Record extracts:
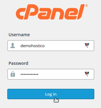 - Accederemos al cPanel a través del enlace proporcionado en el correo electrónico de administración para el hosting, utilizando el nombre de usuario y la contraseña del mismo correo.
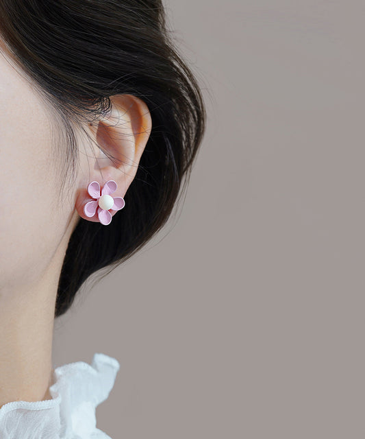 Stylish Pink Sterling Silver Alloy Floral Stud Earrings YZ003
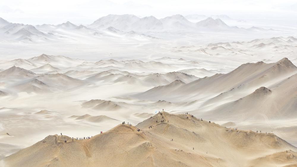 7月30日,游客在冷湖镇黑独山景区游玩(无人机照片)。 新华社记者 齐芷玥 摄
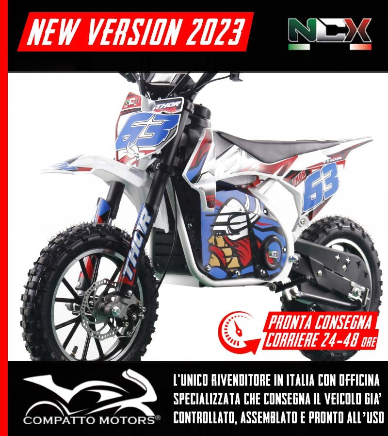 Acquista la nuova Mini Cross Elettrica NCX Thor EVO 1000W al miglior prezzo che solo Compatto Motors, rivenditore di Mini Cross NCX può garantirti.
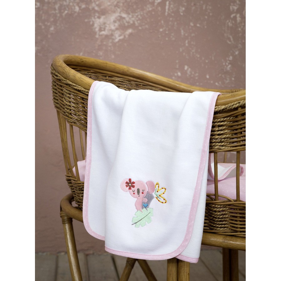 Η κουβέρτα Sweetland έχει κεντητό μοτίβο με χαριτωμένο ροζ κοάλα πάνω σε λευκή βάση και έχει περιμετρικό τελείωμα με ροζ τυπωτό ρελάκι, φέρνοντας μια γλυκιά και όμορφη διάθεση στο βρεφικό δωμάτιο.Η παιχνιδιάρικη όψη της χαρίζει στο μωράκι σας όμορφες στιγμές χαράς, καθώς θα ανακαλύπτει τα γλυκά ζωάκια και θα μοιράζεται μαζί σας τον ενθουσιασμό του.
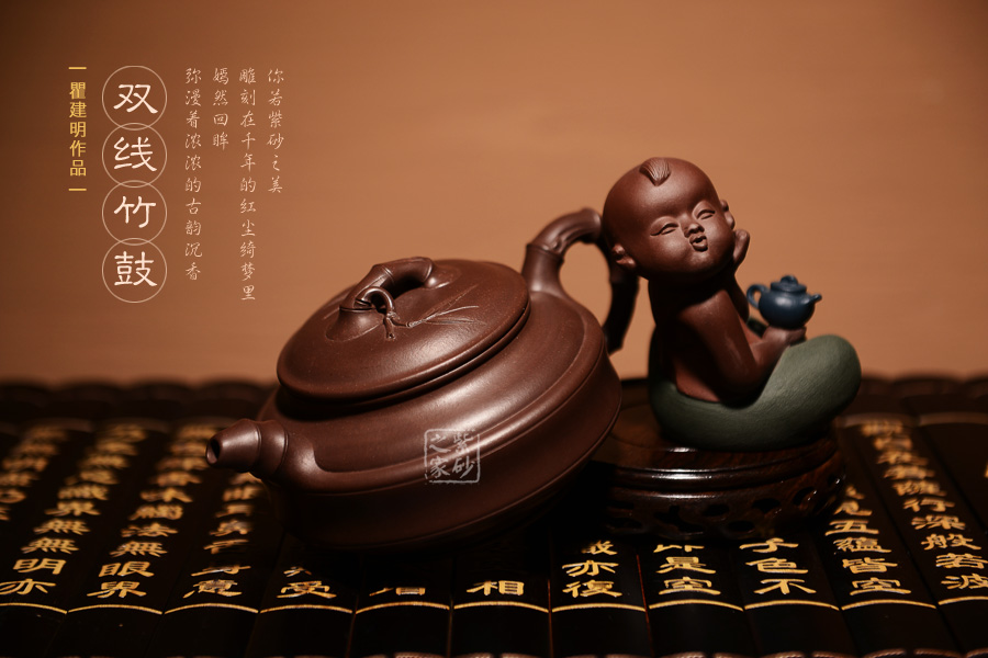 瞿建明,國家級(jí)工藝美術(shù)師,1969年生于宜興,88年工種畢業(yè)后進(jìn)紫砂工藝二廠隨工藝美術(shù)師范早大學(xué)習(xí)制壺技藝,憑著對(duì)紫砂藝術(shù)的熱愛,刻苦鉆研,虛心好學(xué),制作技法日益成熟,藝術(shù)創(chuàng)意變化多端。后有幸得到工藝美術(shù)大師徐漢棠的精心指導(dǎo),悟出紫砂藝術(shù)的許多真諦,形成了自己的獨(dú)特制壺風(fēng)格。2002年創(chuàng)辦了“悟陶居”工作室。所創(chuàng)作品具有較高的文化品味,多次在國內(nèi)外精品博覽會(huì)上獲得大獎(jiǎng),深受國內(nèi)外紫砂愛好者的喜愛。
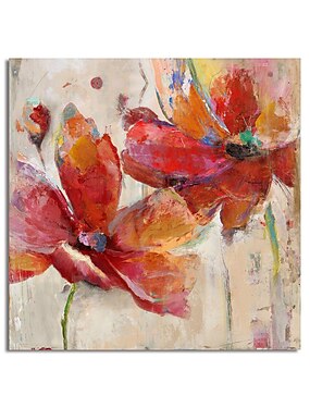 Pittura A Olio Fatta A Mano Dipinta A Mano Arte Della Parete Astratta Fiori Rossi Tela Dipinto Decorazione Della Casa Decor Telaio Allungato Pronto Da Appendere
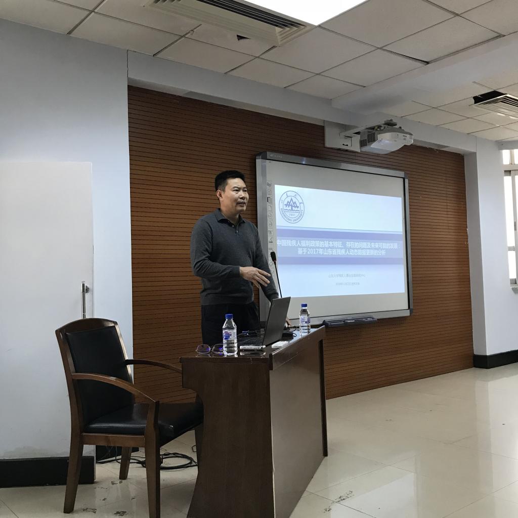 2018年11月3日上午9点,304永利集团学术名家讲座第28场在东荣大厦9楼会议室举行。中国残疾人事业发展研究会副秘书长、中国残疾人事业发展研究会社会工作专业委员会副主任委员、济南市残疾人福利基金会理事长、山东大学残疾人事业发展研究中心主任、山东大学哲学与社会发展公司博士生导师葛忠明教授,作了题为“中国残疾人福利政策的基本特征及未来可能的发展方向:基于山东省2017年动态更新数据的分析”的学术讲座。劳动与社会保障系系主任董才生教授主持了本场讲座。
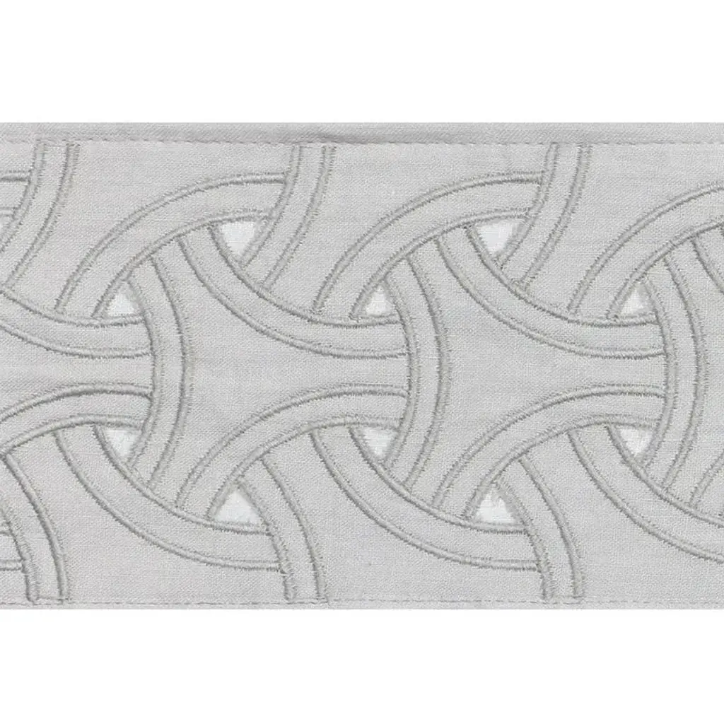Smart and stylish, this interlocking applique design adds a couture touch to upholstery, pillows or window treatments. Sold as a 2-yard minimum Content: 100% Linen Horizontal Repeat: 1 7/8" (5Cm) Match: Straight Care Instructions: Dry Cleaning Recommended
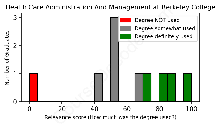 The verdict? Below average. Overall, with an average relevance score of 59%, Health Care Administration And Management graduates from Berkeley College have a lower likelihood (-8%) of finding work in this field compared to the average graduate across all fields:

Instructions for the task:
Your output is the lines from the top of the entries through the line containing "7月30日,游客在冷湖镇黑独山景区游玩(无人机照片)。 新华社记者 齐芷玥 摄", exactly as they stand. No pictures belong in it.

Completed exercise:
 - Accederemos al cPanel a través del enlace proporcionado en el correo electrónico de administración para el hosting, utilizando el nombre de usuario y la contraseña del mismo correo.
 Stylish Pink Sterling Silver Alloy Floral Stud Earrings YZ003
 7月30日,游客在冷湖镇黑独山景区游玩(无人机照片)。 新华社记者 齐芷玥 摄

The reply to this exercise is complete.